Without prejudging the outcome of our Phase 1 decision, we believe several benefit valuation proposals have merit and contain ideas for future consideration. In particular, we note agreement by several parties that SDG&E's Form Contract proposal could be used as a basis to determine certain incentives or credits for curtailment resulting in deferred utility distribution investment. We further agree with SDG&E that the utility should be authorized to provide credits to customers when distributed generation is installed at the right time, in the right location, of the right size and with physical assurances, such that the utility is able to defer a distribution capacity addition. However, at this time, we believe distributed generation standby service is separable from the question of whether distributed generation provides grid benefits. A distributed generation customer taking standby service may not necessarily provide measurable grid benefits. Likewise, a distributed generation customer providing grid benefits may elect not to take standby service. At the same time, we are not persuaded by TURN's suggestion that a value of distributed generation will be a reduction in wholesale electric prices. There is no evidence that, in the current market structure, lower demand will effectively reduce wholesale prices. Consistent with the schedule adopted in the January 19, 2000 Scoping Memo, we will consider the need for a valuation system of distributed generation benefits to the grid in our Phase 1 decision, and consideration of locational credits, time-of-use rates and SDG&E's Form Contracts in the Phase 2 decision.

Cost Allocation

We are not convinced that standby customers are allocated the proper share of costs on a cost causation basis. From the evidence, we cannot determine whether costs allocated to standby customers were for fixed costs associated with on-demand backup service or other services. Therefore we cannot conclude decisively whether this cost allocation overcollected revenues from standby customers, which argues for a reexamination of the allocation of costs to standby customers. In the standby rate design applications ordered herein, the utilities should review and revisit, if applicable, the costs allocated to standby customers as they develop rates consistent with this order. We agree with Aglet that standby charges should be based on embedded, not incremental, costs of service, consistent with the manner in which rates are calculated for other distribution services. We will adopt new standby rates consistent with the correct cost allocation, consistent with this order. This may result in some temporal cost recovery concerns since other distribution rates may not be adjusted contemporaneously amongst all customer classes for any new cost allocation. The utilities should propose ratemaking approaches to address any temporal inequities associated with their recommended cost allocation in the applications ordered herein.

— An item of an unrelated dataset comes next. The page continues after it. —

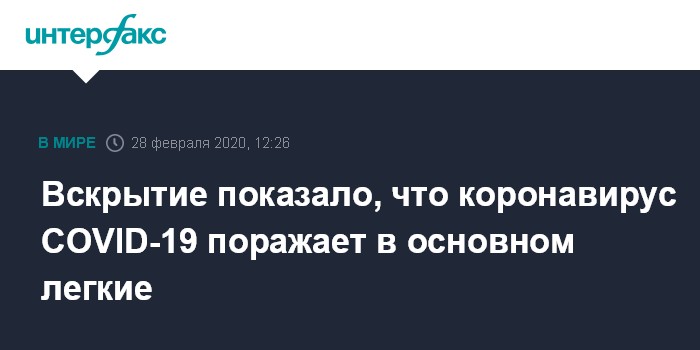 Москва. 28 февраля. INTERFAX.RU - Вскрытие жителя Уханя, умершего от пневмонии, показало, что коронавирус COVID-19 поражает преимущественно легкие. Данных о поражении других органов у экспертов недостаточно, пишет South China Morning Post со ссылкой на публикацию в китайском Journal of Forensic Medicine.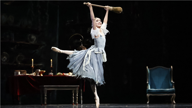 第一幕 灰姑娘的继母、父亲和继姐妹正忙着筹备宫廷舞会。灰姑娘则被支使去打扫房间。她拿起扫帚,开始扫地,然后拿出妈妈生前的画像暗自神伤。灰姑娘的父亲回来后,看到这样的场景不禁懊悔不已。灰姑娘反过来安慰着父亲。这时姐姐们闯了进来,打断了父女二人的温馨时刻,夺走了妈妈的画像。 突然一位乞讨的老巫婆走了进来。继母轻蔑地把灰姑娘妈妈的画像给了老巫婆,但是老巫婆又把画像还给了灰姑娘。灰姑娘送给了老巫婆一些面包,之后送她离开了。裁缝、假发师和舞蹈老师来到家里,帮姐姐们准备宫廷舞会。继母带着姐姐们离开,唯独将灰姑娘留在家中。她假装扫把是自己舞会上的舞伴,想要掩饰自己的孤独,却还是没忍住哭了起来。这时,乞讨的老巫婆又出现了,而且神奇地变成了仙女教母!仙女教母用魔法把厨房变成了一片森林,蜻蜓在树林间飞舞。 仙女教母给了灰姑娘一双玻璃舞鞋。春、夏、秋、冬四位仙女围着灰姑娘跳起舞来,四季随着她们的舞蹈而变换,灰姑娘的一身旧衣服也变成了一件美丽的礼服。仙女教母叮嘱她,在午夜时分,一切魔法就会消失。之后,仙女教母神奇地把一个南瓜和四只蜥蜴变成了华丽的马车和骏马,载着灰姑娘去参加舞会。

16 Parties generally agree that to the extent that DG customers pay their fair allocation of the costs they impose on the system, stranded costs will be minimized. The costs of plant dedicated to providing standby service to DG customers are not stranded costs. 17 We do not adopt Form Contract 2 at this time because it will require adjustments as a result of this decision. The utilities should file proposed form contracts with the rate applications ordered herein.